**DIRECTIONS:** Exactly the lines from the one with "스크린X가 포함된 영화라면" through the end of the data below must be set down, and no pictures with them.
[[ RECORDS FOR PROCESSING open ]]
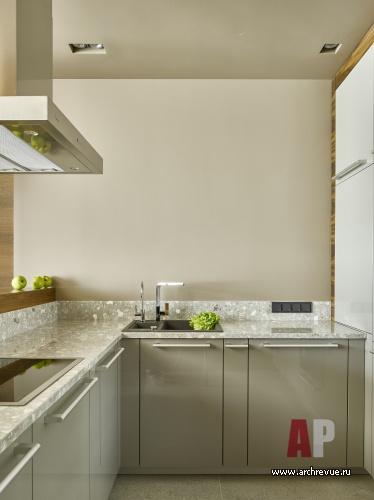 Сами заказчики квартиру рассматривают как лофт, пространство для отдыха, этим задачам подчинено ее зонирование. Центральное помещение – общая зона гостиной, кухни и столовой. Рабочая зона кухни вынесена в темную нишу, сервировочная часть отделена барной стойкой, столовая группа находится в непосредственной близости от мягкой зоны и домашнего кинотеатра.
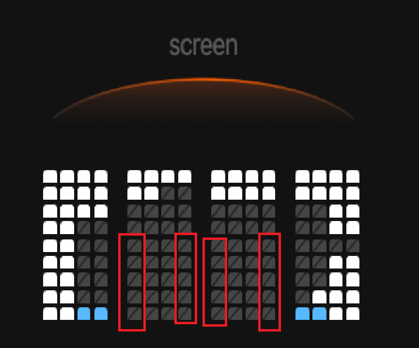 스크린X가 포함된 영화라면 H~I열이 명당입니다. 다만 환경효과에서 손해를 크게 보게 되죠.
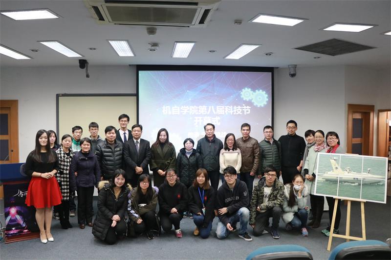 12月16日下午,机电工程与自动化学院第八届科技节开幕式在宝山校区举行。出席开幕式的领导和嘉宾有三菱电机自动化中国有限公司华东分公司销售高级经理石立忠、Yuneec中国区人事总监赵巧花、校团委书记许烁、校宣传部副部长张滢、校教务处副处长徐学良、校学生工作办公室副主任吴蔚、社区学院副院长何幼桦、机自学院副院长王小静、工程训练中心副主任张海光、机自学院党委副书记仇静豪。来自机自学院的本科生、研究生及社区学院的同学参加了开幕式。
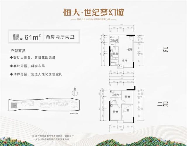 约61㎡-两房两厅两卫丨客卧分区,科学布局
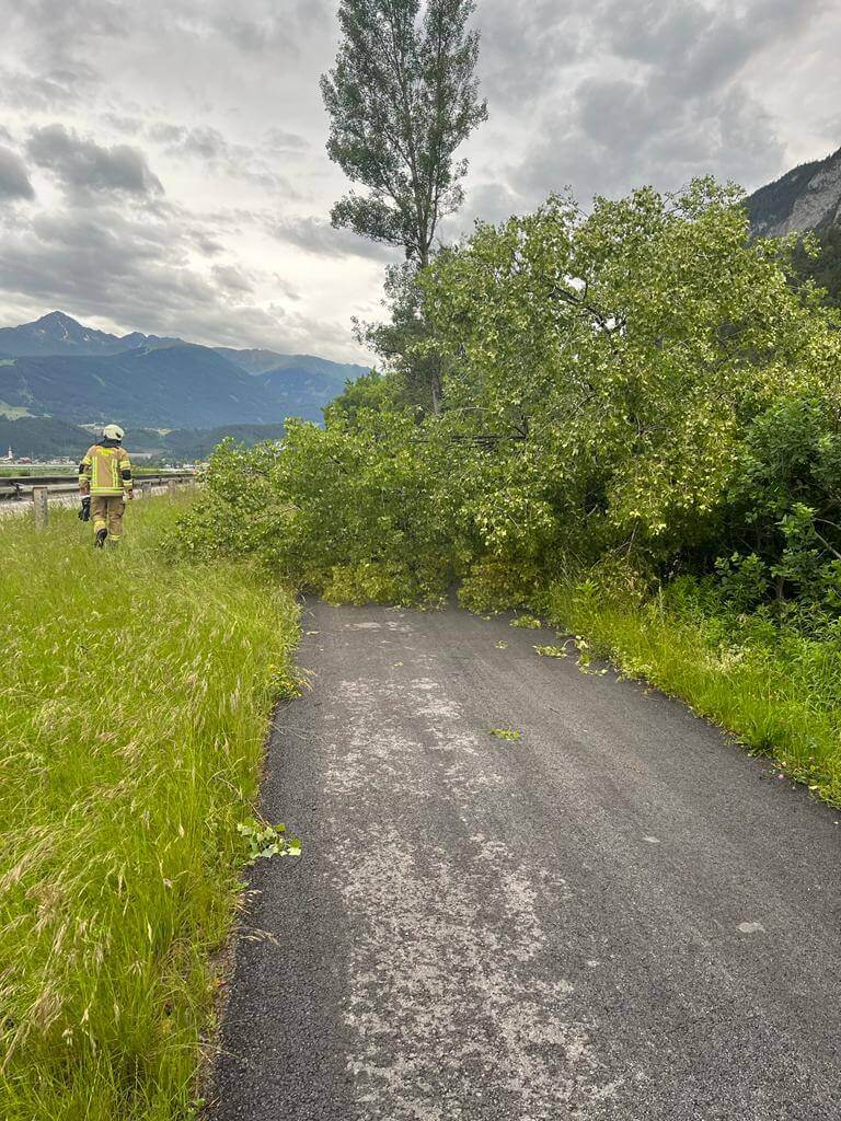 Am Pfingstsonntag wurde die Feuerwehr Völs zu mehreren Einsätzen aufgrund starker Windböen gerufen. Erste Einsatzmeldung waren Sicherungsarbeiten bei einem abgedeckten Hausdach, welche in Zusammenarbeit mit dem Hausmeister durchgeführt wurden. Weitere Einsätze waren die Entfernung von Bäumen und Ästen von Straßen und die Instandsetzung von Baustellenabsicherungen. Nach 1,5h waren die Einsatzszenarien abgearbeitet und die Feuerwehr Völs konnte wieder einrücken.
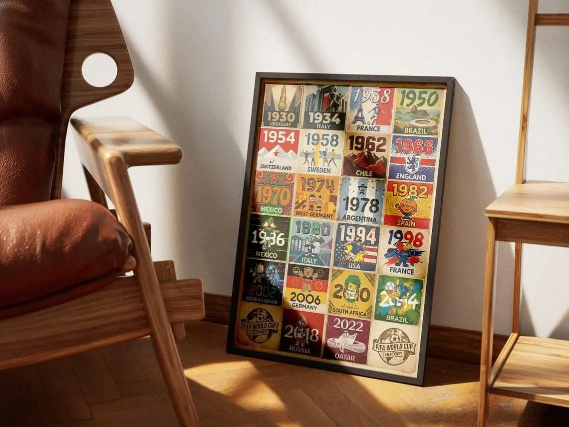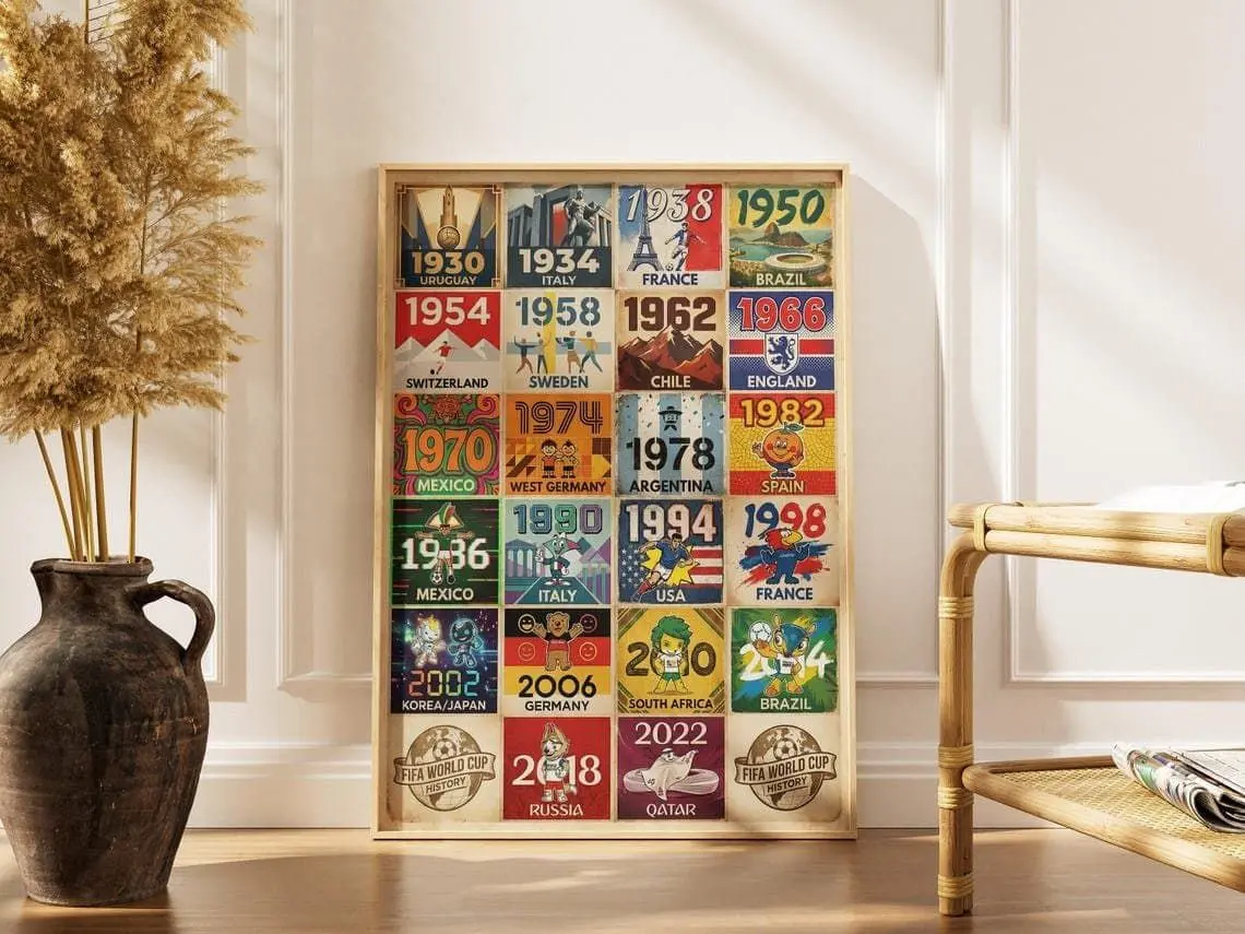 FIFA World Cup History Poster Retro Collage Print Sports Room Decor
[[ RECORDS FOR PROCESSING closed ]]
**EXPECTED ANSWER:**
 스크린X가 포함된 영화라면 H~I열이 명당입니다. 다만 환경효과에서 손해를 크게 보게 되죠.
 12月16日下午,机电工程与自动化学院第八届科技节开幕式在宝山校区举行。出席开幕式的领导和嘉宾有三菱电机自动化中国有限公司华东分公司销售高级经理石立忠、Yuneec中国区人事总监赵巧花、校团委书记许烁、校宣传部副部长张滢、校教务处副处长徐学良、校学生工作办公室副主任吴蔚、社区学院副院长何幼桦、机自学院副院长王小静、工程训练中心副主任张海光、机自学院党委副书记仇静豪。来自机自学院的本科生、研究生及社区学院的同学参加了开幕式。
 约61㎡-两房两厅两卫丨客卧分区,科学布局
 Am Pfingstsonntag wurde die Feuerwehr Völs zu mehreren Einsätzen aufgrund starker Windböen gerufen. Erste Einsatzmeldung waren Sicherungsarbeiten bei einem abgedeckten Hausdach, welche in Zusammenarbeit mit dem Hausmeister durchgeführt wurden. Weitere Einsätze waren die Entfernung von Bäumen und Ästen von Straßen und die Instandsetzung von Baustellenabsicherungen. Nach 1,5h waren die Einsatzszenarien abgearbeitet und die Feuerwehr Völs konnte wieder einrücken.
 FIFA World Cup History Poster Retro Collage Print Sports Room Decor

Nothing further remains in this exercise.